3. Local government with serious autonomy and responsibility should be constituted as a counterweight to the concentration of political power to London.
p. 201 “First, the necessary funding of parties and campaigns should come from the public purse and all other forms of political money should be considered corruption in law, be it from businesses or unions, from individuals, or from candidates’ own means. This would both provide the funds that are needed and break the link of transgression between the seekers of office and the givers of money. Taxes are what we use to fund public goods. Democracy is a joint matter that we should pay for jointly and equally…. My suggestion is to institute an annual survey of voters to record the distribution of preferences for the allocation of the public allotment to pay for politics … a practical, effective and inexpensive way of putting economic power into the hands of voters.”

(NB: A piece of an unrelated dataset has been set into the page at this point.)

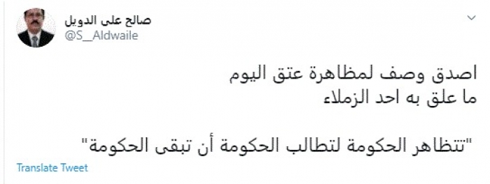 وقال في تغريدة عبر "تويتر" رصدها "المشهد العربي": "أصدق وصف لمظاهرة عتق اليوم ما علق به أحد الزملاء تتظاهر الحكومة لتطالب الحكومة أن تبقى الحكومة".
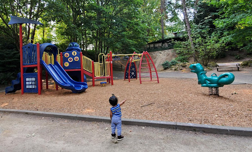 Read moreA sweet little park with a colorful playset (slides, climbing, small fort and ride-a-dinosaur rockers) where I took my nephews for outings before they grew up to be teens. (They have other things to do now.) Jam-packed with goodies including standard tennis courts and one where players practice hitting, short walking trails up and down hills and restrooms at the top. The park is clean and well-maintained with trash and recycle bins. There are two Pokemon Go stops (if you or...

p.202 “The British should be given the benefit of some of that ‘municipalization’ that Quinton Mayne found had served the Danish people so well. Local units – municipalities – should be small, there should be more of them, and they should have more power and responsibility. British democracy has too few elected representatives, fewer proportionally than any other democracy in Europe. There are too many Members of Parliament in London but too few elected representatives throughout the country. There is no counterbalance to the concentration of political power in London and Downing Street.”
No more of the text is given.